Тахти кивнул в сторону кухонных шкафчиков.
– Может, вам помочь на кухне?
– Завтра поможешь. Сегодня не надо.
– Я бы в душ тогда.
– Пойдем, покажу, как включить воду.
Он посмотрел на Нану, она пожала плечами и улыбнулась, и он тогда встал из-за стола, и Тахти встал тоже, подхватил рюкзак и пошел вслед за ним в душевую.
– Обязательно смотри, чтобы в баке было достаточно воды, – сказал Сигги, – а то может получиться так, что домываться будешь под ледяной.
– Хорошо.
– Что-то нужно? Полотенце, зубная щетка?
– Все есть.
– Можешь взять вот здесь гель для душа, все остальное, – он указал на навесную полочку. – Если что, кричи.

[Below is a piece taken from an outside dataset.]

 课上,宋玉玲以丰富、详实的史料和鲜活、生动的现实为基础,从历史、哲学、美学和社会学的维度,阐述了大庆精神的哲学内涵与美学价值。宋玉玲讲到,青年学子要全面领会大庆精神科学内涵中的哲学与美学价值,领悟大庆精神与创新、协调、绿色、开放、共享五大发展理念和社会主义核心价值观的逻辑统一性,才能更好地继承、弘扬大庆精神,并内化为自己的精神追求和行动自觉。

Тахти кивнул. Кричи, да. Максимум, что он сейчас мог – это шепот.
– Хорошо, спасибо большое.
Сигги ушел, Тахти включил воду и долго возился в попытках настроить температуру. Дверь была закрыта, шум воды перекрывал голоса в гостиной, и впервые за много дней никто не стоял с ним рядом, не следил. Все остались где-то там, и он был совершенно один. Совершенно один, думал он и пробовал на вкус ощущение от этих слов. Оказалось, горькое, гнилостное ощущение, от которого сводило живот. Он опустился на колени, на каменные плиты, и в спину била горячая вода, а руки все еще были ледяные. Живот сводило, горло перехватывало, судорогой сжимало грудную клетку. Он почти задыхался, уткнулся лицом в разбитые колени, лежал на полу чужой душевой – и тело било судорогой, но слез все еще не было.
***
Юноша собирал вещи. Одежды было всего ничего. Пара-тройка свитеров, две пары джинсов. Коробка браслетов, которые сделали ребята из семьи. Белье, кусок мыла, два полотенца. Сланцы, пара кроссовок, зубная щетка, два полупустых тюбика зубной пасты. Вот и все богатство.

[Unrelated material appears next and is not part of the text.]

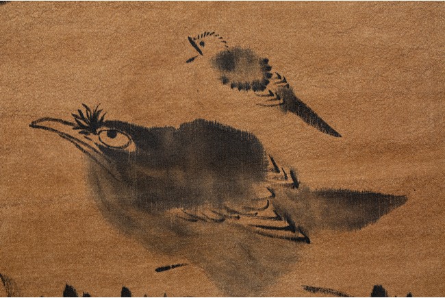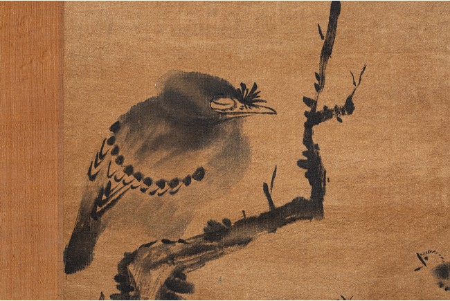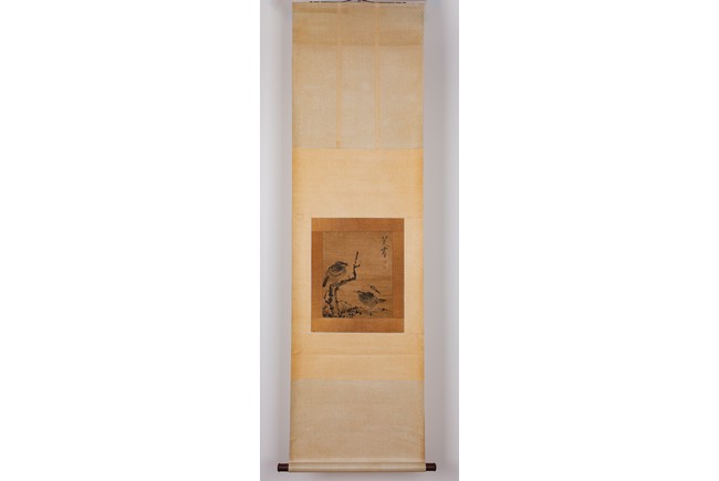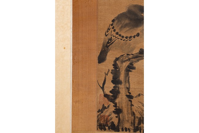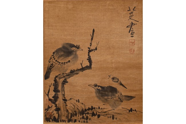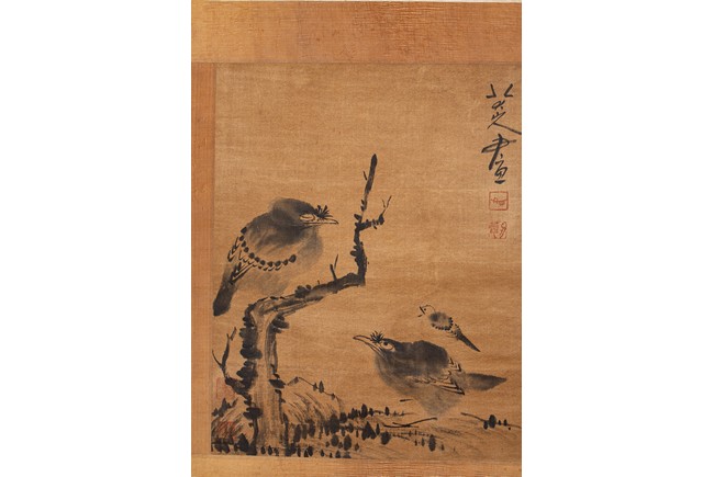 Chinese. Ink on Silk. Birds. Signed Bada Shanren with two seal marks. Hanging scroll. Attributed to Bada Shanren.

Все вещи уместились в небольшую дорожную сумку.
Парень собирался в приподнятом настроении. На нем был его самый любимый свитер – ярко-желтый, с красно-оранжевым узором из ромбов и звезд. Но цвет не имел значения. Его связал ему брат, которого уже не было в живых. Тепло его рук до сих пор согревало его сердце. В этом свитере всегда было теплее.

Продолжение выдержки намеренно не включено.